What are the underwriting discounts and offering expenses, and how will they impact net proceeds to NusaTrip? | NUTR (Aug 15, 2025) | Candlesense

What are the underwriting discounts and offering expenses, and how will they impact net proceeds to NusaTrip?

Under‑writing discounts & offering costs – The press release states that the $15 million gross proceeds from the 3.75 million‑share IPO will be reduced by “underwriting discounts and offering expenses,” but it does not disclose the exact amounts. In a typical U.S. IPO of this size, the manager‑underwriter spread runs roughly 5 %–7 % of gross proceeds, and ancillary expenses (legal, filing, printing, listing fees, etc.) usually add another 0.5 %–1 % of the raise. Using those industry averages, we can estimate:

Item Approx. % of gross Approx. dollar amount
Under‑writing discount (≈6 %) 6 % ≈ $900 k
Offering expenses (≈0.7 %) 0.7 % ≈ $105 k
Estimated net proceeds ≈ $13.9 million

The precise figures will be disclosed in the final prospectus, but the net cash actually received by NusaTrip is likely to be in the $13.5 – $14 million range after the customary deductions.
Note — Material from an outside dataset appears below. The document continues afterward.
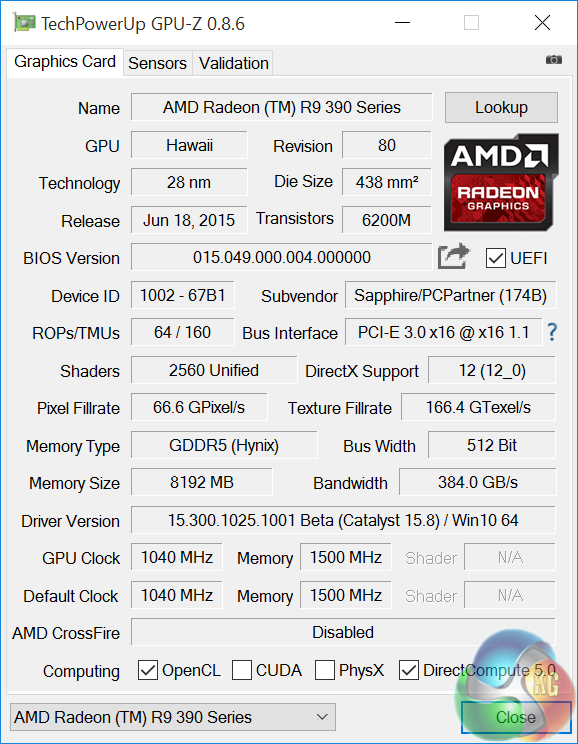 An overview of the Sapphire R9 390 Nitro 8GB Rev 2 w/ Backplate. It is built on the 28nm process, has 64 ROPs, 160 Texture units, and 2560 unifed shaders. The core is clocked at 1040mhz, 30mhz faster than ‘Revision 1' which we reviewed in July. The 8GB of GDDR5 memory runs at 1,500mhz, or 6Gbps effective – an improvement over the R9 290, which on the reference design was set at 5Gbps effective.

Impact on valuation and trading – The reduction from $15 million to roughly $14 million means the effective capital raised per share is about $3.73–$3.75 rather than $4.00. For investors, this lowers the amount of fresh equity capital available for the company’s growth initiatives (product expansion, marketing in SE‑Asia, technology upgrades) and slightly tightens the dilution impact. In practice, the market will price the stock based on the net proceeds, the company’s post‑IPO balance‑sheet strength, and its growth runway. Expect modest upside if NusaTrip can deploy the near‑$14 million efficiently—e.g., expanding its travel‑booking platform, forging airline/OTA partnerships, or entering new APAC markets. Conversely, any shortfall in the actual net proceeds (e.g., higher than expected underwriting spread) would modestly raise the implied cost of capital and could temper early‑trade enthusiasm.

Actionable insight – For traders, the key is to watch the final prospectus filing (Form S‑1) for the exact discount and expense numbers. If the net proceeds are at the low end of the estimate, the IPO may be viewed as less capital‑rich, potentially limiting near‑term upside; you might look for a short‑term pull‑back after the initial pop. If the net proceeds are nearer $14 million, the IPO could sustain a modest rally, especially if the company’s use‑of‑proceeds narrative is compelling. Position accordingly: consider a small‑size entry on any pull‑back, targeting a 2 %–4 % intraday gain, while keeping an eye on post‑IPO institutional lock‑up expirations that could add volatility in the weeks following the debut.